Unlike a plain fixed Q-format (a fixed number of fractional bits, which only covers a fixed range/precision trade-off and would over/underflow badly across this algorithm's actual value range – audio samples, FFT magnitudes in the thousands, and adaptation-rate fractions near zero, all flowing through the same arrays), this type renormalizes on every operation, so it tolerates the same wide dynamic range as float, at roughly the precision of a 16-bit mantissa (a relative error on the order of 2^-15, i.e. about 4-5 significant decimal digits – comparable to a compressed/half-precision float).
- Note
- Comparison operators (
<, >, etc.) convert both sides to float and compare natively – they're scalar, infrequent control-flow checks, not the per-element array math this class exists to keep off the FPU, so trading a little purity there for simpler, more obviously correct code is a reasonable trade.

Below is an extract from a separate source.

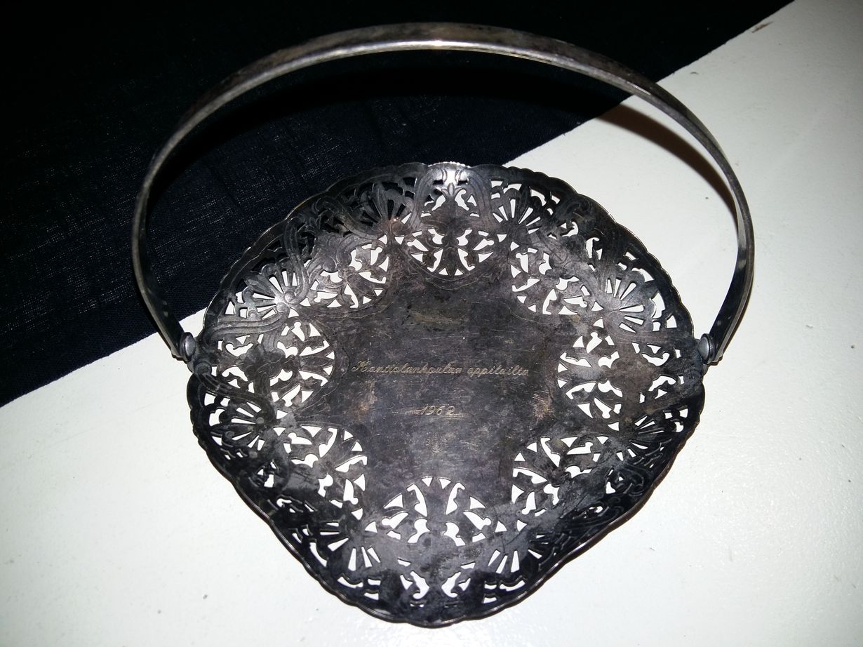Isotätini on kansakoulun opettajana saanut lahjaksi vuonna -62 tämän söpön pikku tarjottimen. Jouluni koristuu mummon kirjomalla pellavaliinalla, punaisilla Mariskooleilla suklaineen ja pähkinöineen, useilla kynttilöillä ja valoilla sekä jollain vaihtuvalla - mutta tämä tarjotin on aina osa kynttiläasetelmaa useimmiten kullanvärisellä kynttilällä ja pikku kävyillä.

Arithmetic that mixes a PseudoFloat with a plain float/double literal (e.g. 0.7f * pseudoFloatValue) also still executes that specific operation using native float arithmetic via the implicit conversions below – avoiding all native float instructions everywhere would require rewriting every numeric literal in the algorithm as a PseudoFloat, which isn't done here. What this class does guarantee is that PseudoFloat-to-PseudoFloat arithmetic – the tight inner loops over whole arrays (FFT bins, filter weights, correlations) that dominate the algorithm's cost – runs on integer mantissa/exponent math throughout.